There is no compulsion in the law to violate your own moral conscience vis a vis the right to life. If you recuse yourself from the burdens of citizenship by refusing to pay taxes because you think it's going to stop abortion, that's your right, so long as you are willing to accept the consequences. But you should be mindful of the larger implications of that action when it no longer works in your favor as a result of someone else's refusal to fund your own health needs for reasons they deem equally valid. This ultimately takes us nowhere. You do not have a moral obligation or a mandate from God to impose your morality on those who choose to exercise a legal right of which you do not approve, no matter how wrong headed, vile or evil you imagine them to be.
Those who do not elect to abort will not be able to dictate terms to those who do, so long as the law grants them the right to do so. The language of the bill is based on the law as it exists, not as you imagine it should be. Do you want to flatten the law to pursue what you perceive is the devil? Do so at your own peril.
Dean,
Liposuction would be "a medical procedure I don't support" (at least from tax funds); abortion is the killing of an innocent human being.

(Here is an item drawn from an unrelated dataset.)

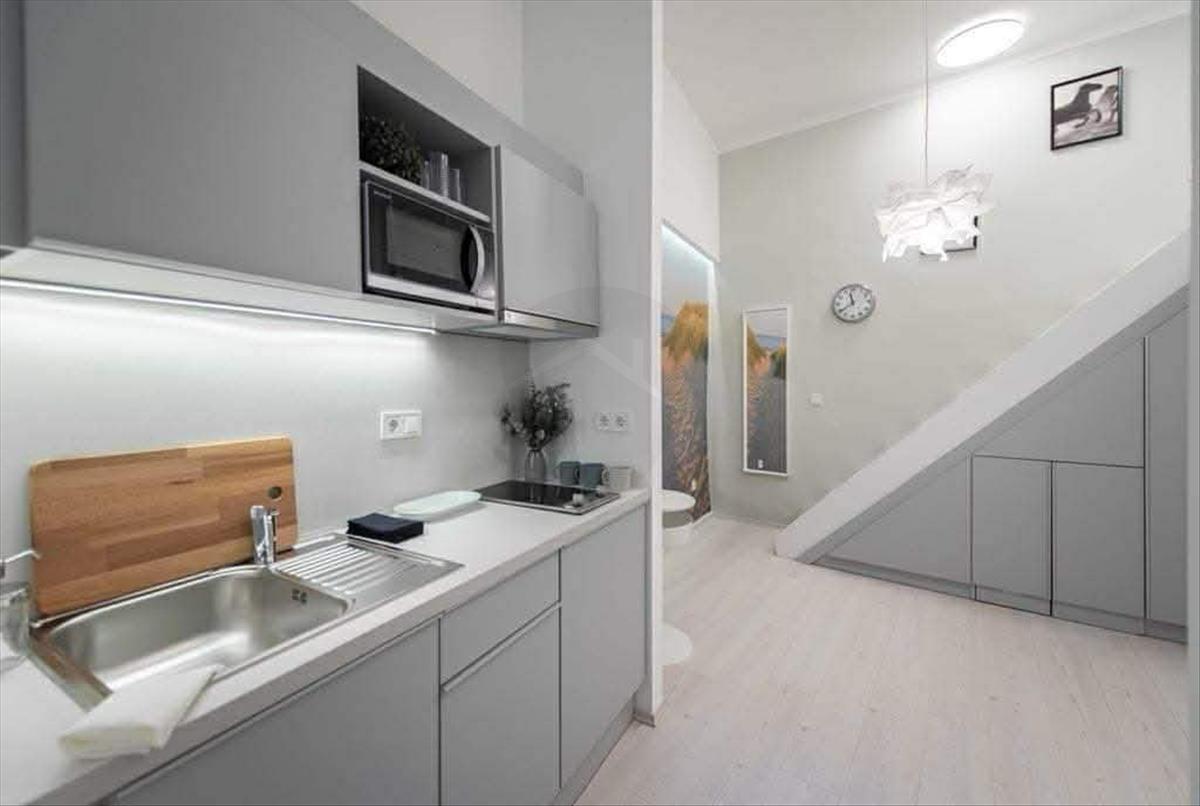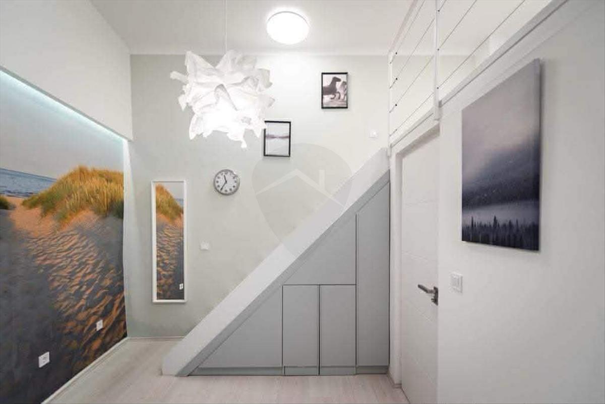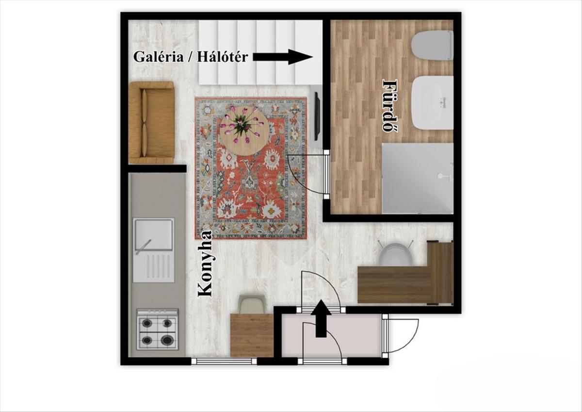Az okos és praktikus tér kialakításnak köszönhetően kényelmes életteret nyújt lakóinak. a beépített modern konyhabútor teljesen gépesített. a fürdőszoba is tágas, zuhanyzós, a fekvő galéria alatt kapott helyet, mint ahogy a gépészet és a háztartási eszközök/mosógép is. a lépcső alatt a beépített szekrény mögött találhatók így ezek nincsenek szem előtt.

I can truly understand those that have trouble with the church's teaching, but something seems amiss when we put our faith in young Youtube "experts" (Dean's first link) and ignore centuries of popes, bishops, and the strong moral sense of the faithful.
I like his discussion of false thresholds, and birth is clearly, medically, logically, biologically, and obviously, merely when the child comes out, not the moment at which life is bestowed. But I disagree with him that conception is another false threshold: what happens at that moment is utterly unique, in that reproductive cells containing the father's DNA and the mother's DNA come together to form NEW DNA. And whose DNA is it? It is somebody's DNA. It can't belong to a potential being, for the being already IS.
Conception is the only true threshold, for there is no point during the pregnancy at which a transition from no life to life takes place. Our Youtube friend seems to think that a fetus has rights only when it can think. I know a few adults walking around who don't think much--but I still think taking their lives away would be killing, not a "procedure." We can't base the value of the fetus on his or her abilities or feelings, but rather on his or her existence.
I'm not attempting to make a full argument, and I know it won't get me anywhere anyway. What I'm really saying is: why are thousands of bishops, dozens of popes, millions of faithful of different faiths, and clear biological evidence all eminently IGNORABLE while some enormously intellectually self-righteous Youtube blowhard who seems smart because he uses words like "zygote" trusted implicitly and cited as reference?
By the way, I'm as concerned about a troubled health-care system as much as anyone. I don't believe abortion is health care, millions agree with me, and we merely feel, in spite of whatever merits pending legislation might have, that something utterly unacceptable is being foisted upon us.